SharePlex 11.4 - Installation and Setup guide

The SharePlex Post process can connect and write to a Kafka broker. The data can be written in JSON or XML output as a sequential series of operations as they occurred on the source, which can then be consumed by a Kafka consumer.

These instructions contain setup instructions that are specific to this target. Install SharePlex on the source and target according to the appropriate directions in this manual before performing these setup steps.

For the versions, data types and operations that are supported when using SharePlex to replicate to this target, see the SharePlex Release Notes.
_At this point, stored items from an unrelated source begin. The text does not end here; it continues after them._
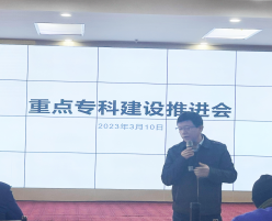 医务科科长蒲光军介绍了我院重点专科建设现状,详细解读重点专科建设的目标、任务、实施步骤。为保障重点专科建设工作的稳定推进,对下一步工作提出以下要求:一是各学科带领人要提升科学化、精细化管理水平,结合实际制定切实可行的量化指标和实施方案;二是确定专科建设期间人才培养、专人负责、保障工作有序开展;三是根据专项经费额度做好经费预算,合理、规范使用专项经费;四是各职能科室做好相关支持工作、全力配合重点专科建设工作。
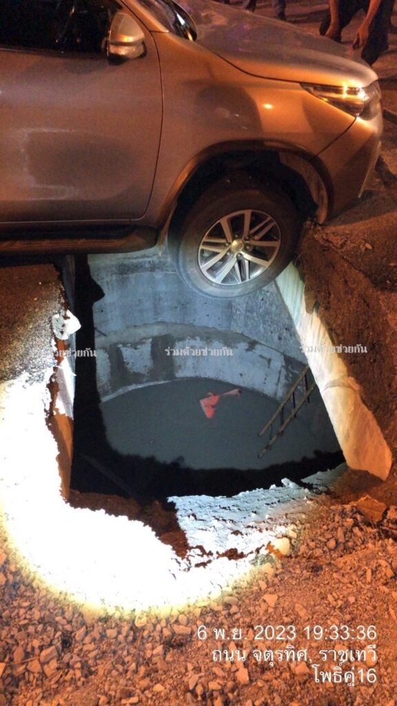 รถยนต์ตกหลุมลึก ถนนจตุรทิศ
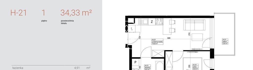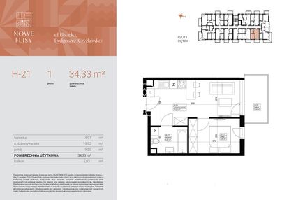 Mieszkanie na sprzedaż 2 pokoje Bydgoszcz Czyżkówko, 34,33 m2, 1 piętro
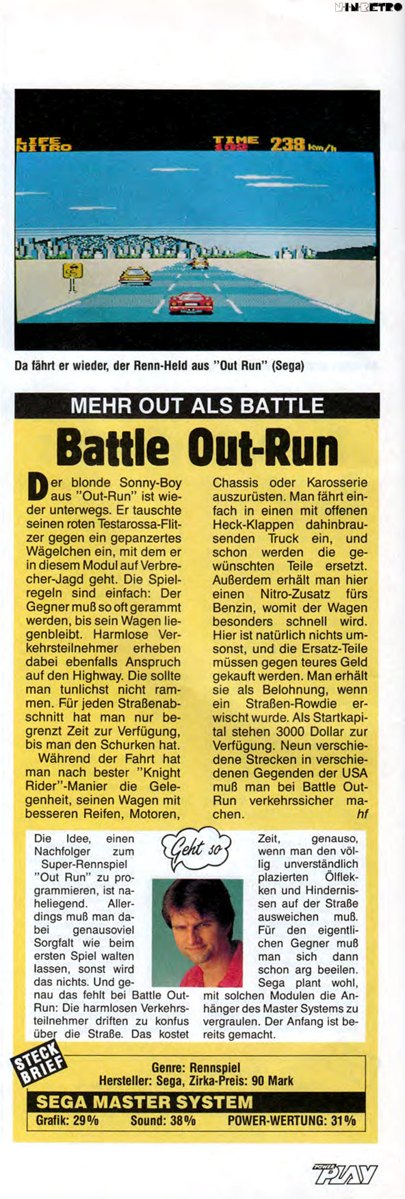 Jawohl. Mit Volldampf hinein in ein Rennen von Küste zu Küste, bei dem es um Nerven, Ausdauer und Geschicklichkeit geht: der sensationelle Nachfolger zu Out Run. Jagen und verhaften Sie acht der schnellsten und hinterhältigsten Syndikat-Bosse auf Rädern. Schnallen Sie sich an, greifen Sie das Lenkrad und lassen Sie die Fetzen fliegen auf dem Wege zu einem glorreichen Sieg.
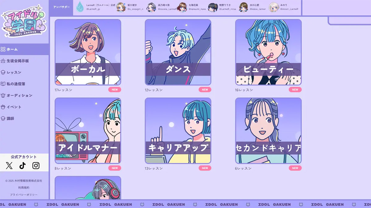 『アイドル学園』は、音楽プロデュース集団Sizuk Entertainment(シズクエンターテイメント)株式会社(所在地:東京都品川区、代表取締役社長:湯浅順司、以下「Sizuk Entertainment」)とIT企業の木村情報技術株式会社(本社:佐賀県佐賀市、代表取締役:木村 隆夫、以下「木村情報技術」)が、2025年1月に共同リリースした、アイドル志望者と現役アイドルを対象とした教育プラットフォームです。
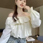 قميص قصير ذو لون خالص ورقبة واحدة فضفاض وأكمام طويلة مكون من قطعتين

Guidelines for posting to Kafka

A SharePlex Post process acts as a Kafka producer. A SharePlex Post process can write to one or more topics that have one or more partitions.
The SharePlex Post process does not create a topic itself, but you can configure the Kafka broker to auto-create topics.

Configure SharePlex on the source

You need to setup SharePlex and the database on the Oracle source system. For detailed setup steps, see Configure SharePlex on the source.

Configure SharePlex on the target

These instructions configure the SharePlex Post process to connect to Kafka. You must have a running Kafka broker.

To configure post to Kafka:

Create a Kafka topic.
Start sp_cop. (Do not activate the configuration yet.)
Run sp_ctrl.
Issue the target command to configure posting to a Kafka broker and topic. The following are example commands.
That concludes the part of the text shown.